Besides I like trail running a lot, I just have not been able to do it as much as I wanted when I was focused on prepping for the MCM.

I LIKE ROUTINE

Believe it or not, I like routine and believe that it helps me run more consistently.

Once I find a routine that works, it helps to keep things simpler, which I believe is the problem with too many training plans, they are overly complex and attempt to have runners do too many different things over the course of a training cycle.

Looking at the above possible 7 day cycle, there is lot variability in the actual courses I could run and the workouts I am looking at doing, so I would not get bored, but I would have a good idea of when and what I would be doing.

I have set courses and workouts that have baselines, to gauge my improvement or use as checkpoints to see what I need to do differently to keep improving.

The best thing about having a routine is that it allows me to focus on my running, instead of whether I am meeting the requirements a canned plan and stressing out when I do not do what the plan’s author says I should be doing to be successful – after all their authors all know more about running than I do…

but they don’t know more about me, than I do.

THE REALITY IS THAT

Sometimes when we take a step back, look at our running objectively and peel away the layers between where we are and what we want to achieve. It can be very surprising what we might find when we do look and what some of the possible solutions might be. Especially, if we are willing to do the research or think a little out of the box.

Runlog Week 20 1983 pg2.jpeg

What I want to achieve it to run consistently and keep improving – even as an old fart!

I know that to do this I need to move away from the attitude of “I have always done it this way” approach and change some things to make me look at my running differently.

EXCITED BY THE POSSIBILITIES

I do know that I am very excited about the possibilities that this different perspective towards my training might provide and hopefully these changes will give me better outcomes than my old boom and then break training style did.

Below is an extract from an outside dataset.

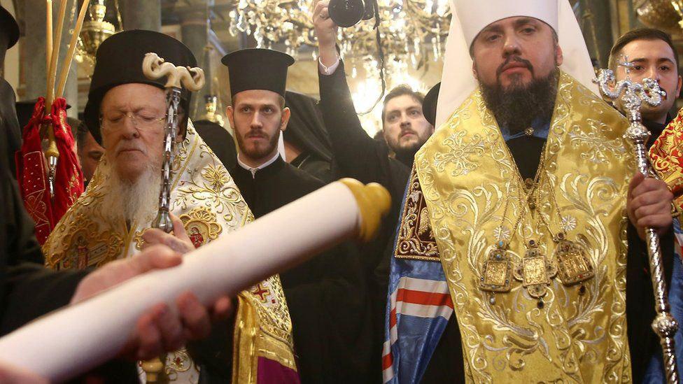 Вселенский патриарх Варфоломей передал предстоятелю новосозданной Православной церкви Украины Епифанию посох и томос, который провозглашает автокефалию. Теперь процедура получения Украиной церковной независимости официально завершена.
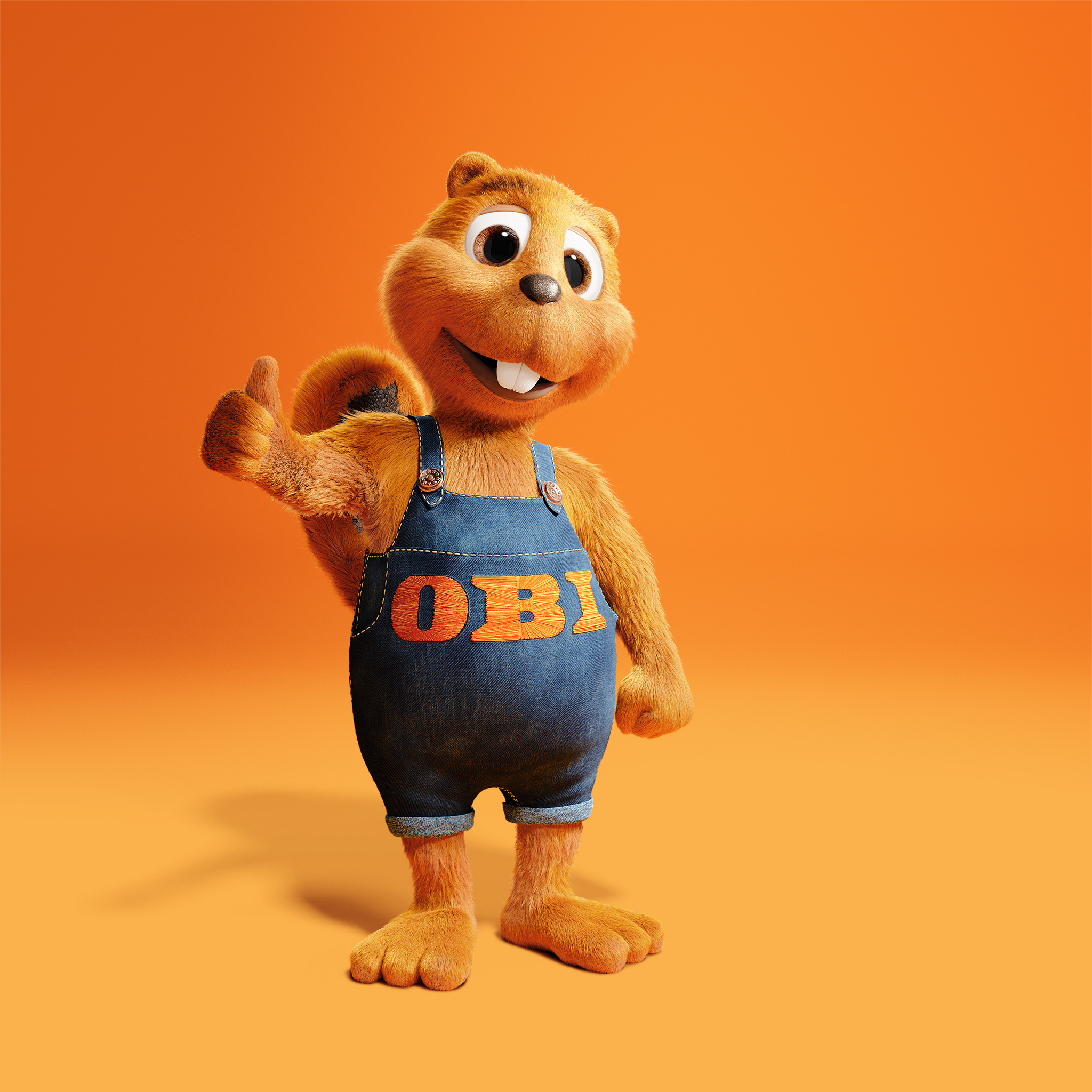 Fast von Anfang an begleitet ein Biber als Werbefigur den deutschen Marktführer. Das war eine Idee von Mitgründer Manfred Maus, die er damit erklärte, dass der Biber ein sympathisches Tier sei, das sein Leben lang baue. „Biberstark“ ist ein beliebtes Adjektiv in der Obi-Werbesprache.

The part that I like most about the changes that I am looking at implementing to my training and running philosophies are that I am taking responsibility for my own training and cannot blame how I do on anyone, but me.

Will I make mistakes – yep, will I be injured again – probably, will I keep running – no doubt about it, but they will be my mistakes and I will learn from them.

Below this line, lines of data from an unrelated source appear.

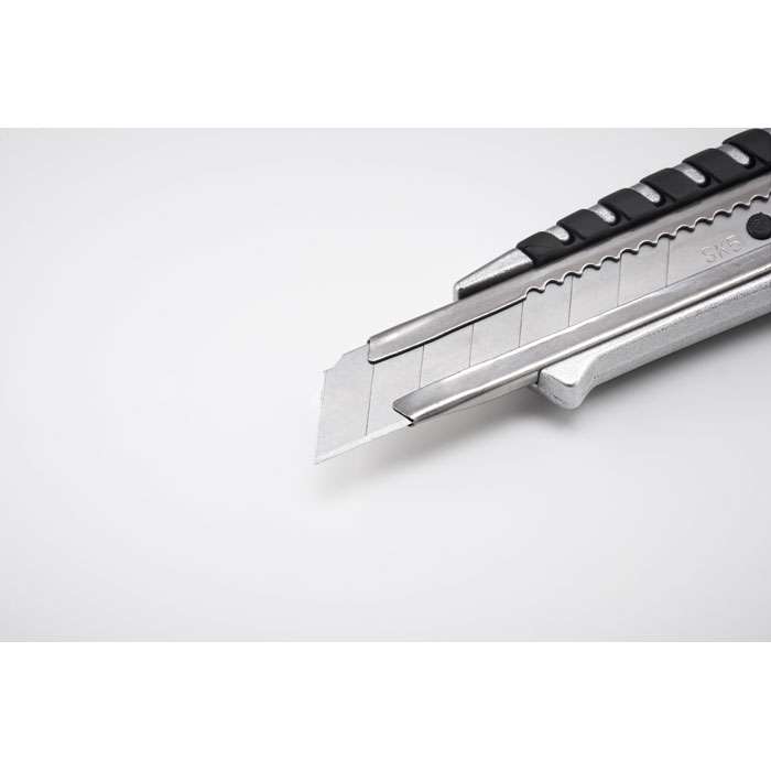 Brytkniv/packkniv i aluminium med 8st extra blad i kolstål.
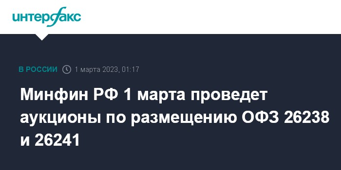 Минфин РФ 1 марта проведет аукционы по размещению ОФЗ 26238 и 26241
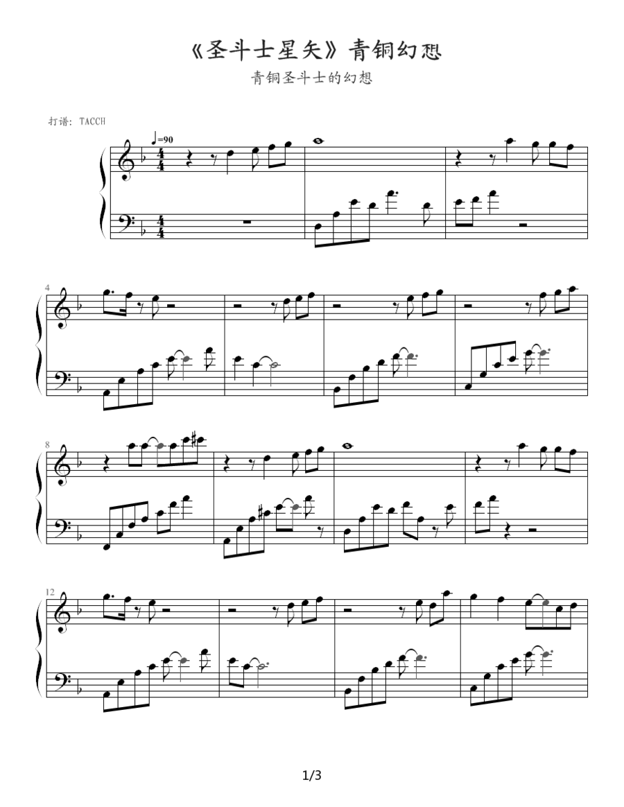 - [钢琴谱] 圣斗士星矢 1 9 青铜幻想
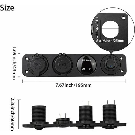 Pannello presa di ricarica 4 in 1 – Questo pannello presa da 12 V è progettato con presa RV USB da 12 V + voltmetro con display digitale a LED + presa accendisigari da 12 V + interruttore a bilanciere LED per una facile installazione e utilizzo. Rimovibile anche per sostituire altre prese di ricarica o qualsiasi altra presa adatta.

I still have a lot to think about and I may not have all the answers, but at least I know more of the right questions to ask and attempt to find those answers.

QUESTION

Since I have some time before I actually start training in August to incorporate some of these training idea, I was wondering if anyone has any experience with the training principles or plans in Matt Fitzgerald’s RUN: The Mind-Body Method of Running by Feel or know of other resources that I should look at, to learn more about using effort based training.

Also does anyone have any experience with 14 day training cycles versus the typical 7 day one that predominates running right now.